4.3 Access Gateway Content Settings

One of the major benefits of using an Access Gateway to protect Web resources is that it can cache the requested information and send it directly to the client browser rather than contacting the origin Web resource and waiting for the requested information to be sent. This can significantly accelerate access to the information.

IMPORTANT:For caching to work correctly, the Web servers must be configured to maintain a valid time. If possible, they must be configured to use an NTP server.

The object cache on an Access Gateway is quite different from a browser’s cache, which all users access when they click the Back button and which can serve stale content that does not’ accurately reflect the fresh content on the origin Web server.

Access Gateway caching system uses a number of methods to ensure cache freshness. Most time-sensitive Web content is flagged by Webmasters in such a way that it cannot become stale unless a caching system ignores the Webmaster’s settings. Access Gateway honors all RFC 2616 directives that affect cache freshness such as Cache-Control, If-Modified-Since, and Expires.

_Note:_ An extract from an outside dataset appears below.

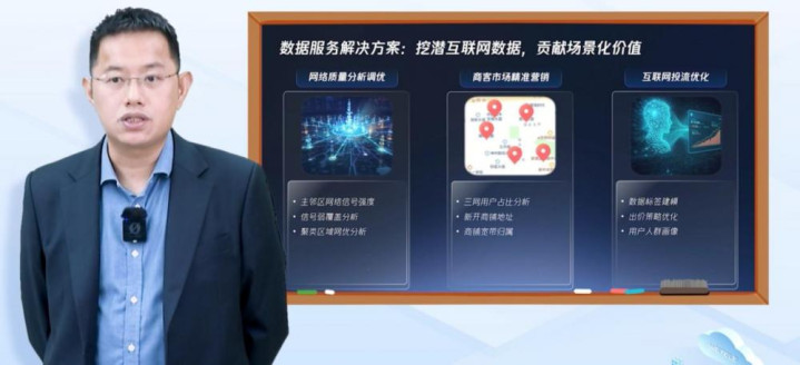 在数据服务方面,腾讯云注意到数据对于运营商的三块价值:数据助力调优治理、商客市场走向精准营销、线上投流趋于降本增效。腾讯云打造数据服务解决方案,通过深度挖掘数据,可以为运营商提供精准高效的数据支撑,例如信号弱覆盖分析、三网用户占比分析、用户人群画像等。

Access Gateway can be fine-tuned for cache freshness in the following ways:

  • Accelerated checking of objects that have longer than desirable Time to Expire headers

  • Delayed checking of objects that have shorter than desirable Time to Expire headers

  • Checking for freshness of objects that do not include Time to Expire headers

Access Gateway follow RFC directives. In addition, Access Gateway Service uses the “Apache Module mod_file_cache”.

The following sections describe the features available to fine-tune this process for your network:

4.3.1 Configuring Caching Options

The Cache Options allow you to control how Access Gateway caches objects.

  1. Click Access Gateways > Edit > Cache Options.

  2. To disable caching of all Web server content, select Disable Caching.

    When this option is selected, all other caching options are disabled.

  3. Modify the Cache Freshness settings. Use the Reset button to return these settings to their default values.

    These options govern when the proxy service revalidates requested cached objects against those on their respective origin Web servers. If the objects have changed, the proxy service re-caches them.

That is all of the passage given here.